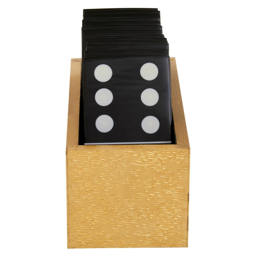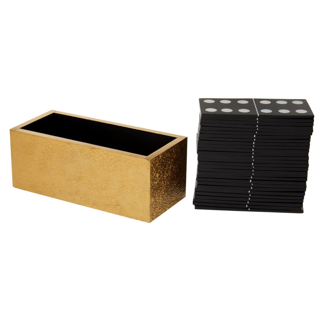 This gold effect domino box is made from premium quality resin and durable MDF. Each playing piece in the black finish is exceptionally crafted and creates a decorative statement on the coffee or side table if not playing.
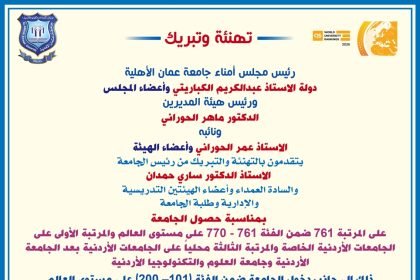 وكالة تليسكوب الاخبارية حققت جامعة عمان الأهلية تقدماً لافتاً عن السنوات السابقة…
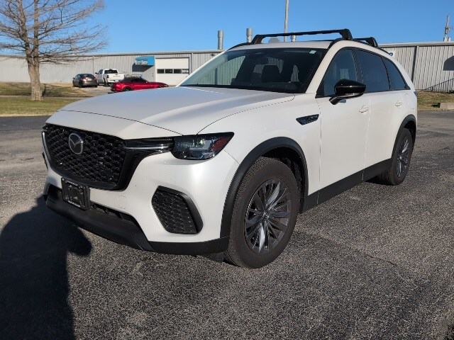Rhodium White Premium 2025 Mazda CX-70 3.3 Turbo Preferred AWD 8-Speed Automatic I6 Turbo Air Conditioning, AppLink/Apple CarPlay and Android Auto, Auto High-beam Headlights, Automatic temperature control, Black Lug Nuts & Black Wheel Locks, Brake assist, Bumpers: body-color, Cargo Net, Compass, Crossbars in Black, Delay-off headlights, Driver door bin, Driver vanity mirror, E911 Automatic Emergency Notification, Electronic Stability Control, Exterior Parking Camera Rear, Front Bucket Seats, Front Center Armrest w/Storage, Front dual zone A/C, Front reading lights, Fully automatic headlights, Heated door mirrors, Heated Front Bucket Seats, Heated front seats, Illuminated entry, Leather Seat Trim, Leather Shift Knob, Leather steering wheel, Mazda Connected Services, Outside temperature display, Overhead console, Pandora Internet Radio Integration, Panic alarm, Passenger door bin, Passenger vanity mirror, Power door mirrors, Power driver seat, Power Liftgate, Power moonroof, Power passenger seat, Power steering, Power windows, Rain sensing wipers, Rear air conditioning, Rear reading lights, Rear seat center armrest, Rear window defroster, Rear window wiper, Remote keyless entry, Rhodium White Premium Paint Charge, Roadside Assistance Kit, Speed control, Split folding rear seat, Spoiler, Steering wheel mounted audio controls, Tachometer, Telescoping steering wheel, Tilt steering wheel, Trip computer, Turn signal indicator mirrors, Variably intermittent wipers, Wheels: 19" x 8.5J Aluminum Alloy. Wood Motor is proud to serve our communities in Southwest Missouri, Northwest Arkansas, Northeast Oklahoma, and Southeast Kansas. The ultimate commitment to our customers is to deliver an experience that's with ease in negotiation, a transparent buying process, while also earning a customer for life. Recent Arrival! Odometer is 6710 miles below market average! 23/28 City/Highway MPG Vehicle pricing includes all offers and incentives. Internet Price does include dealer arranged financing. Tax, Title and Licensing not included in vehicle pricing; this must be paid by the purchaser. Pricing does not include $599 Dealer Documentation Fee or $6 Lien Filing Fee. This is easily done by calling us or by visiting us at the dealership. Must finance with Wood Ford or Carthage to receive internet pricing. Pricing does not include $1975 Wood Care Package. Contact Wood Wood Ford or Carthage for details. Max payload/towing estimate ratings shown. See dealer for details.
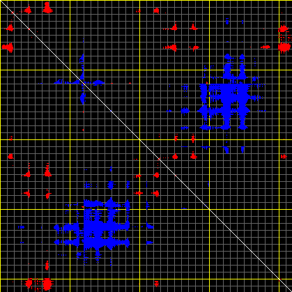 This matrix displays the maximum distance fluctuations between all pairs of CA atoms and between the two extreme conformations that were computed for this mode (DQMIN/DQMAX). Distance increases are plotted in blue and decreases in red for the strongest 10% of the residue pair distance changes. Every pixel corresponds to a single residue. Grey lines are drawn every 10 residues, yellow lines every 100 residues (counting from the upper left corner).
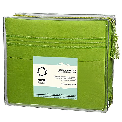 Bed Sheet Bedding Set, 100% Soft Brushed Microfiber with Deep Pocket Fitted Sheet - SPLIT KING - CALLA GREEN - 1800 Luxury Bedding Collection, Hypoallergenic & Wrinkle Free Bedroom Linen Set By Nestl Bedding
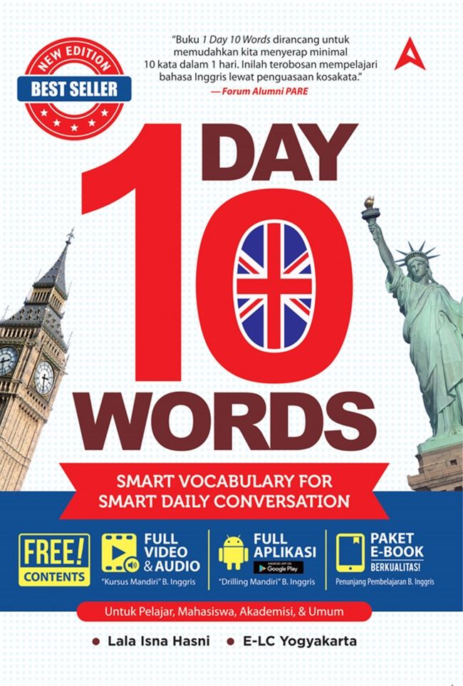 Nah, konsep praktis buku ini, yaitu 1 day 10 words, menuntun kita untuk tekun menyerap ragam kosakata penting. Hanya 10 kosakata dalam sehari? Tenang, itu cuma untuk latihan awal saja. Bakal ada 50-60 kosakata yang bisa dipelajari dalam tiap kategori tema kosakata. Totalnya, ada hampir 3.500-an kosakata dari 60-an lebih kategori kosakata yang disajikan buku ini. Dan yang tak kalah penting, berbagai kosakata tersebut dituangkan ke dalam ratusan contoh percapakan sehari-hari. Tentu saja itu akan mempermudah kita dalam menyerap dan menguasainya.
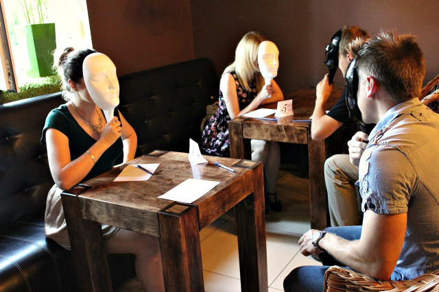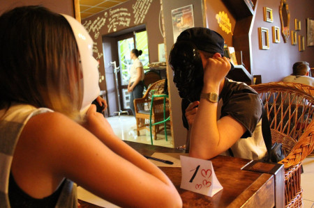 «Побачення наосліп» відбувалися під грифом «цілком таємно». Обличчя усіх учасників були закриті масками. До того ж організатори подбали, аби «спраглі до кохання» не зустрілися перед початком дійства, тому представниці прекрасної статі чекали своїх таємничих кавалерів вже всередині будинку.
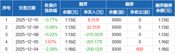 民和股份:融资净买入8.31万元,融资余额1.13亿元(12-10)
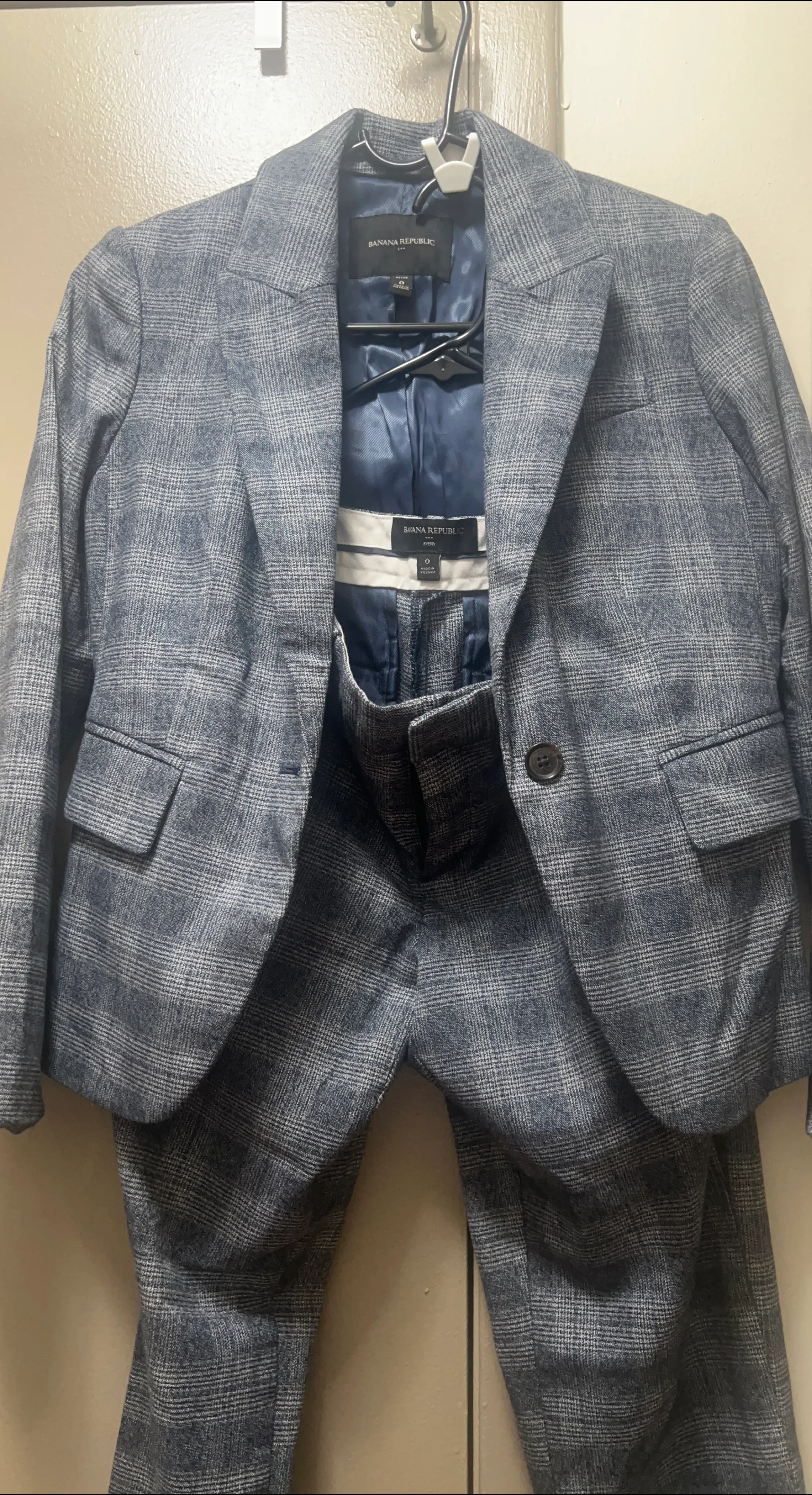 This is a Banana Republic suit set in size 0. It features a classic plaid pattern and a blue lining. The jacket and pants are included.

========

PROBLEM TO WORK ON: Output the data exactly, pictures omitted.

REPLY:
 This gold effect domino box is made from premium quality resin and durable MDF. Each playing piece in the black finish is exceptionally crafted and creates a decorative statement on the coffee or side table if not playing.
 وكالة تليسكوب الاخبارية حققت جامعة عمان الأهلية تقدماً لافتاً عن السنوات السابقة…
Rhodium White Premium 2025 Mazda CX-70 3.3 Turbo Preferred AWD 8-Speed Automatic I6 Turbo Air Conditioning, AppLink/Apple CarPlay and Android Auto, Auto High-beam Headlights, Automatic temperature control, Black Lug Nuts & Black Wheel Locks, Brake assist, Bumpers: body-color, Cargo Net, Compass, Crossbars in Black, Delay-off headlights, Driver door bin, Driver vanity mirror, E911 Automatic Emergency Notification, Electronic Stability Control, Exterior Parking Camera Rear, Front Bucket Seats, Front Center Armrest w/Storage, Front dual zone A/C, Front reading lights, Fully automatic headlights, Heated door mirrors, Heated Front Bucket Seats, Heated front seats, Illuminated entry, Leather Seat Trim, Leather Shift Knob, Leather steering wheel, Mazda Connected Services, Outside temperature display, Overhead console, Pandora Internet Radio Integration, Panic alarm, Passenger door bin, Passenger vanity mirror, Power door mirrors, Power driver seat, Power Liftgate, Power moonroof, Power passenger seat, Power steering, Power windows, Rain sensing wipers, Rear air conditioning, Rear reading lights, Rear seat center armrest, Rear window defroster, Rear window wiper, Remote keyless entry, Rhodium White Premium Paint Charge, Roadside Assistance Kit, Speed control, Split folding rear seat, Spoiler, Steering wheel mounted audio controls, Tachometer, Telescoping steering wheel, Tilt steering wheel, Trip computer, Turn signal indicator mirrors, Variably intermittent wipers, Wheels: 19" x 8.5J Aluminum Alloy. Wood Motor is proud to serve our communities in Southwest Missouri, Northwest Arkansas, Northeast Oklahoma, and Southeast Kansas. The ultimate commitment to our customers is to deliver an experience that's with ease in negotiation, a transparent buying process, while also earning a customer for life. Recent Arrival! Odometer is 6710 miles below market average! 23/28 City/Highway MPG Vehicle pricing includes all offers and incentives. Internet Price does include dealer arranged financing. Tax, Title and Licensing not included in vehicle pricing; this must be paid by the purchaser. Pricing does not include $599 Dealer Documentation Fee or $6 Lien Filing Fee. This is easily done by calling us or by visiting us at the dealership. Must finance with Wood Ford or Carthage to receive internet pricing. Pricing does not include $1975 Wood Care Package. Contact Wood Wood Ford or Carthage for details. Max payload/towing estimate ratings shown. See dealer for details.
 This matrix displays the maximum distance fluctuations between all pairs of CA atoms and between the two extreme conformations that were computed for this mode (DQMIN/DQMAX). Distance increases are plotted in blue and decreases in red for the strongest 10% of the residue pair distance changes. Every pixel corresponds to a single residue. Grey lines are drawn every 10 residues, yellow lines every 100 residues (counting from the upper left corner).
 Bed Sheet Bedding Set, 100% Soft Brushed Microfiber with Deep Pocket Fitted Sheet - SPLIT KING - CALLA GREEN - 1800 Luxury Bedding Collection, Hypoallergenic & Wrinkle Free Bedroom Linen Set By Nestl Bedding
 Nah, konsep praktis buku ini, yaitu 1 day 10 words, menuntun kita untuk tekun menyerap ragam kosakata penting. Hanya 10 kosakata dalam sehari? Tenang, itu cuma untuk latihan awal saja. Bakal ada 50-60 kosakata yang bisa dipelajari dalam tiap kategori tema kosakata. Totalnya, ada hampir 3.500-an kosakata dari 60-an lebih kategori kosakata yang disajikan buku ini. Dan yang tak kalah penting, berbagai kosakata tersebut dituangkan ke dalam ratusan contoh percapakan sehari-hari. Tentu saja itu akan mempermudah kita dalam menyerap dan menguasainya.
 «Побачення наосліп» відбувалися під грифом «цілком таємно». Обличчя усіх учасників були закриті масками. До того ж організатори подбали, аби «спраглі до кохання» не зустрілися перед початком дійства, тому представниці прекрасної статі чекали своїх таємничих кавалерів вже всередині будинку.
 民和股份:融资净买入8.31万元,融资余额1.13亿元(12-10)
 This is a Banana Republic suit set in size 0. It features a classic plaid pattern and a blue lining. The jacket and pants are included.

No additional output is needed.